El reconocimiento de la necesidad de acordar convencionalmente el diagnóstico de muerte cerebral fue la primer señal de que en determinadas circunstancias debía ponerse fin al sostén externo de algunas funciones vitales, en este caso la respiratoria, apelando al concepto de la abolición de la función cerebral completa y la cesación de la función integradora del organismo como un todo (whole brain criterion), aun cuando existieren evidencias claras del mantenimiento de múltiples funciones biológicas cerebrales y neurohormonales (7)(8). La existencia de comas prolongados con integridad en el funcionamiento troncal han permitido evaluar la desaparición definitiva de las cualidades conciencia, afectividad y comunicación como expresión de la identidad de la persona y también revisar algunos conceptos desde una visión ontogenética del desarrollo del cerebro que tiende a diferenciar cuatro fases evolutivas secuenciales: organismo, individuo biológico, ser humano y persona (8).

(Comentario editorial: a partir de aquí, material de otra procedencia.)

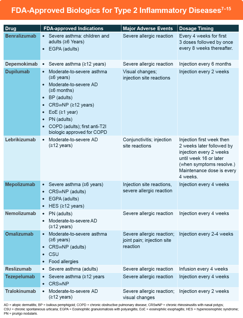 Below is a table that shows the available biologics and the diseases they are approved to treat. Selection of the medication best for you can depend on the condition and how severe it is, as well as additional factors, such as your age, if your condition requires persistent use of steroids, as well as any coexisting conditions also affected by T2I that might be present. Not all biologics are approved for every condition, nor for every age. All the medications listed (except reslizumab) require an injection, and most have pens and other devices that make it easier to give yourself the shot; reslizumab is given with an IV infusion. Common side effects for biologics are mild, including headaches and injection site reactions, although a few may also affect eye health.

Incluso la concepción que da sustento a la hipótesis de muerte neocortical (high brain criterion) aplicable al estado vegetativo persistente y a los anencefálicos tiende a priorizar los aspectos vinculados a las cualidades de la persona por oposición al sentido puramente biológico de la vida (9). En este sentido se puede recordar aquí un párrafo del dictamen del juez Stevens que consta en el fallo de la Suprema Corte de EEUU sobre el caso de Nancy Cruzan cuando atendiendo al coma prolongado de la esta joven con estado vegetativo persistente y para la que los padres solicitaban la autorización para el retiro de la alimentación y hidratación parenteral se pregunta “si la vida que exhibía esta joven en coma de 20 años, con 25 kilos y confinada para siempre a una posición encorvada y flexionada en una cama era la misma vida a la que se refiere la Constitución y la Declaración de la Independencia de EEUU” y que por tanto debiera preservarse como un bien supremo (9).

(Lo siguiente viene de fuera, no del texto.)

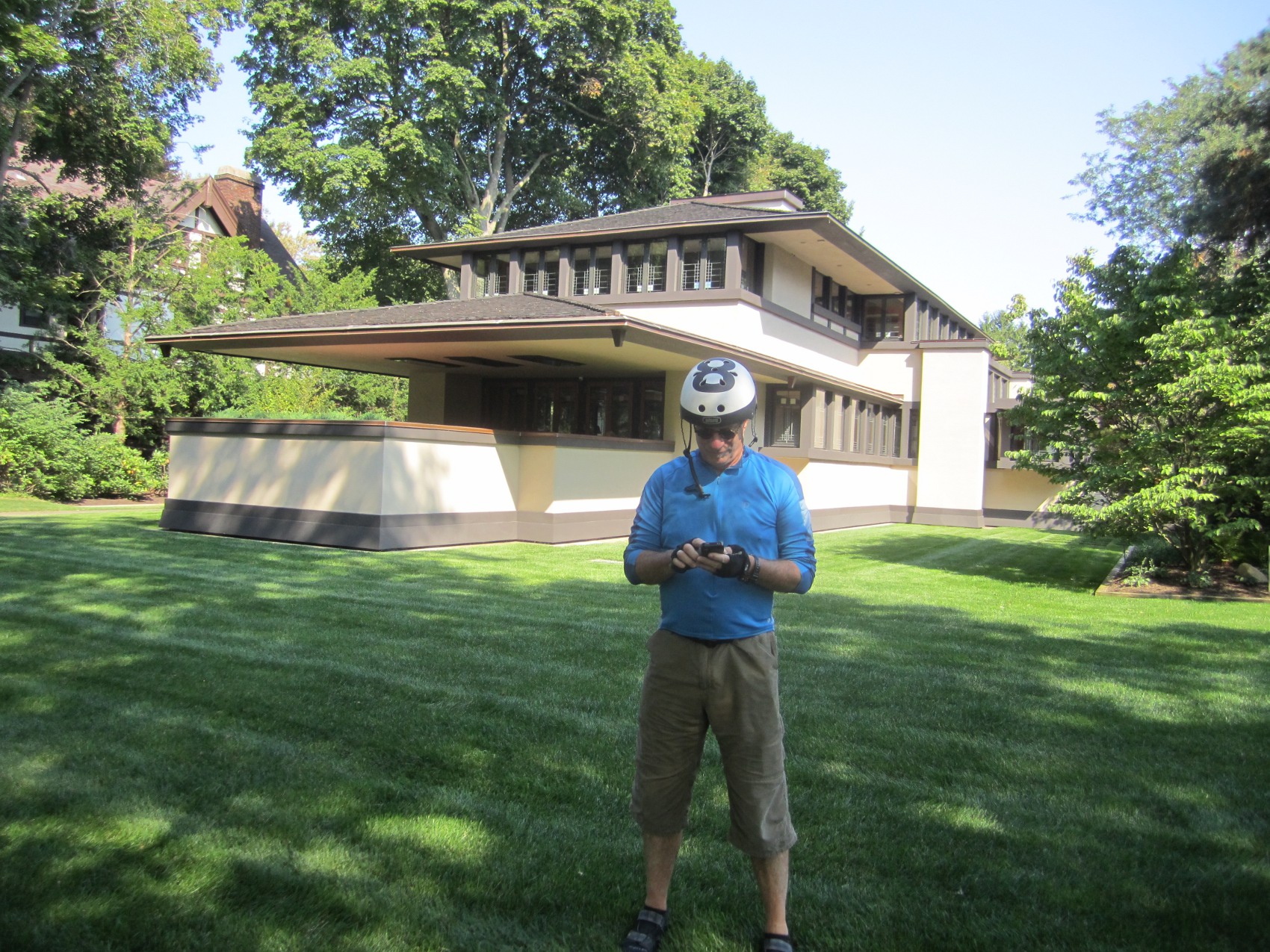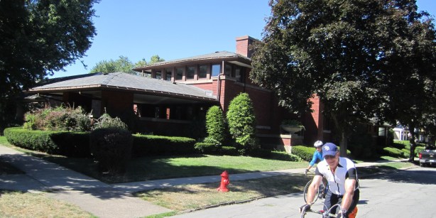 There are at least six Frank Lloyd Wright buildings in Buffalo proper, and Lyman and I rode around to see some of them on Monday. We saw an additional house in Rochester three days later. These are all Prairie School buildings, from his 1900-1910 phase. Lyman the architect described how Wright pushed the feasibility envelope on his cantilevered designs; he said most owners have had replace the the original wood support beams with steel, in order to keep the houses from falling down. These houses were stuck like curious gems into neighborhoods of otherwise conventional rich people’s houses of the same era.

Una valoración distintiva del valor vida tradicional también surge cuando se promueve el trasplante de órganos como un objetivo primordial de la medicina de este tiempo, concediendo un sentido utilitario al diagnóstico de la muerte cerebral como lo reflejó claramente el slogan utilizado por el segundo Simposio internacional sobre la muerte encefálica: “promovamos la vida diagnosticando la muerte” (10).

La conocida expresión “mientras hay vida hay esperanza” tiene una lectura diferente y hasta dispar cuando en algunas situaciones se persiste en mantener la vida aunque sea en su naturaleza exclusivamente biológica y en el otro extremo se acepta la necesidad de no sostener la misma cuando se puede disponer de un órgano vital para trasplantar y retransplantar y recuperar otra persona para la vida plena. Sin duda este planteo casi bipolar y hasta antagónico de las actitudes personales y sociales frente a hechos similares expresan y demandan un nuevo código ético para definir la vida y la muerte.

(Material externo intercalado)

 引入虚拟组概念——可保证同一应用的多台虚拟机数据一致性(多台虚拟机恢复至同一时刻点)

Omnipotencia de la medicina

El progresivo y exitoso abordaje de patologías consideradas clásicamente como no tratables y la aplicación de métodos de soporte vital extraordinarios como la circulación extracorpórea, la utilización de membranas dializantes, los trasplantes múltiples y retransplantes han facilitado el olvido de la existencia de límites en la medicina a pesar del innegable progreso ocurrido en las últimas décadas. La aplicación de los nuevos métodos que la tecnología ha puesto a disposición de la medicina asistencial se entrelazan con los progresos ocurridos en las ciencias básicas que les dan sustento como la genética, la inmunología, la biología molecular y muchos otros.

Es posible que el mensaje que la medicina transmite a la sociedad por el insaciable progreso en su conocimiento básico se trasunte en un código de equivocaciones que sugiera la posible superación de todos los problemas y consecuentemente el alejamiento de la aceptación natural de la muerte como el final lógico de la vida.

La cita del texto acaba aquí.